Never The Same Colour..

The simple mistake of allowing the most fragile element of the transmission - phase - to not be cancelled by alternate line transmissions essentially destroyed terrestrial colour TV in the States and made cable what it is.

Not sure how they are doing with digital terrestrial.

--
the biggest threat to humanity comes from socialism, which has utterly  
diverted our attention away from what really matters to our existential  
survival, to indulging in navel gazing and faux moral investigations  
into what the world ought to be, whilst we fail utterly to deal with  
what it actually is.
Reply to
The Natural Philosopher

As usual, the Americans invented the new system and the Germans improved it to be usable.

They use a different modulation system there, as well. (inferior in most people's view except theirs)

But that does not affect color quality, only multipath tolerance. (and therefore it cannot be used on Same Frequency Networks)

Reply to
Rob

Everyone was laughing at SECAM until video recorders were developed...

Reply to
Rob

SECAM was French wasn't it?

I always liked SABENA : Such A Bad Experience - Never Again.

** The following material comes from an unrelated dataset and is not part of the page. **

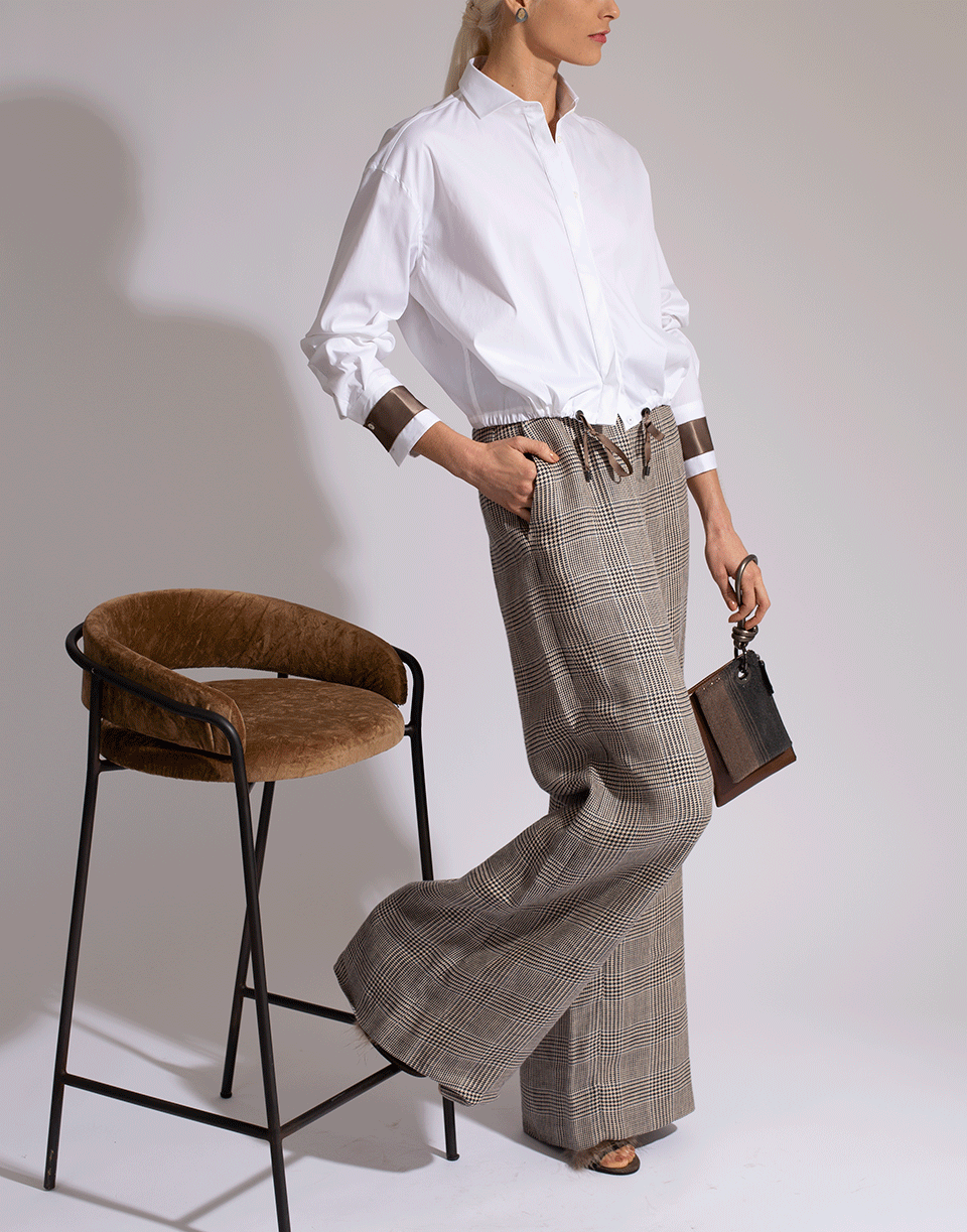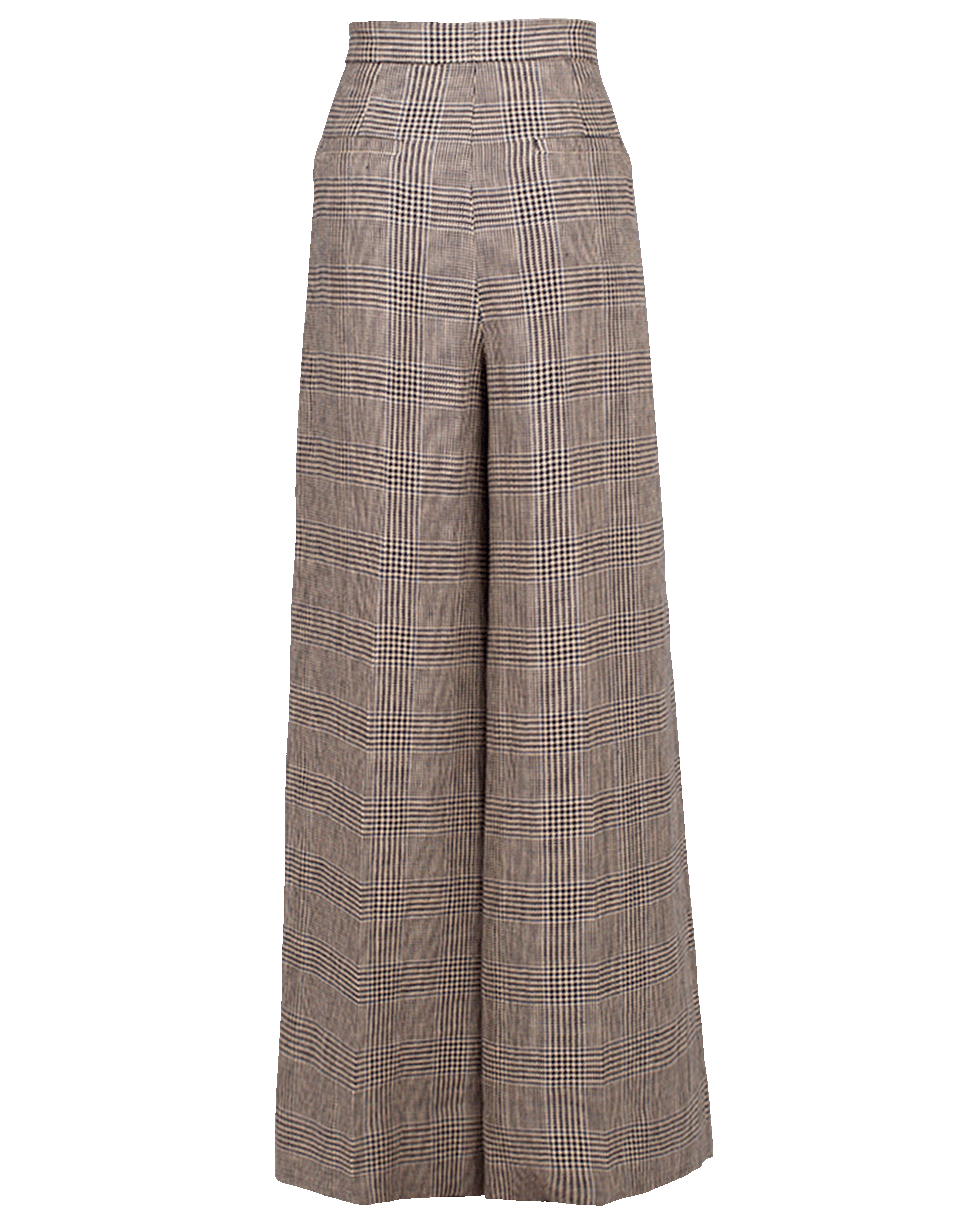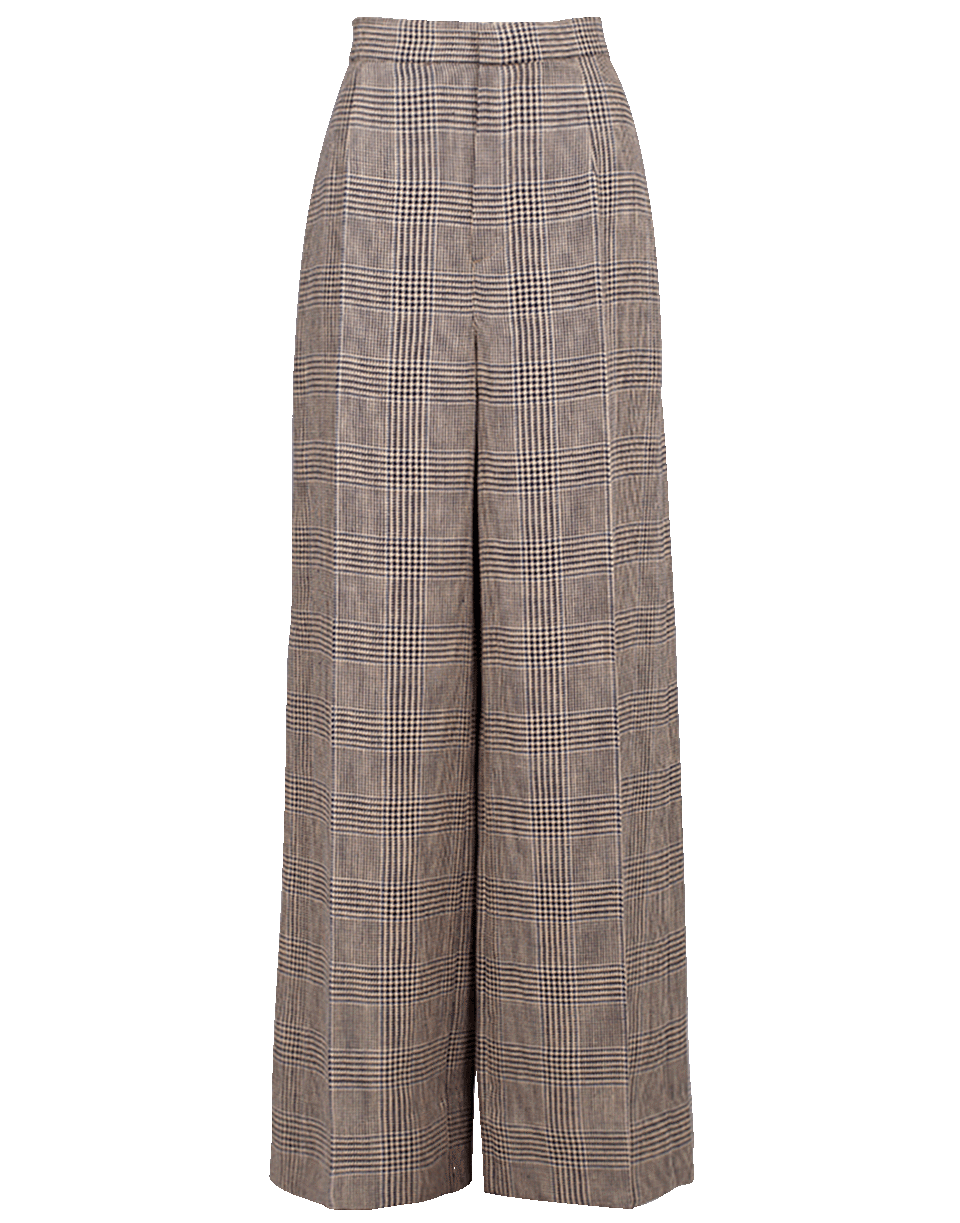 Linen Prince of Wales high waist trousers by Brunello Cucinelli. Crafted from pure linen, these pants were made for the modern woman. They feature a loose silhouette, high-rise waist, wide flared leg hidden button-zip fly, side slip pockets, back welt pockets and a sophisticated plaid print that ties the garment together.

I flew them once...

--
the biggest threat to humanity comes from socialism, which has utterly  
diverted our attention away from what really matters to our existential  
survival, to indulging in navel gazing and faux moral investigations  
into what the world ought to be, whilst we fail utterly to deal with  
what it actually is.
Reply to
The Natural Philosopher

I like this one better:

ALITALIA - Always Late In Takeoff, Always Late In Arrival.

Reply to
Rob

Yes, but also used in the former USSR, or so I was told.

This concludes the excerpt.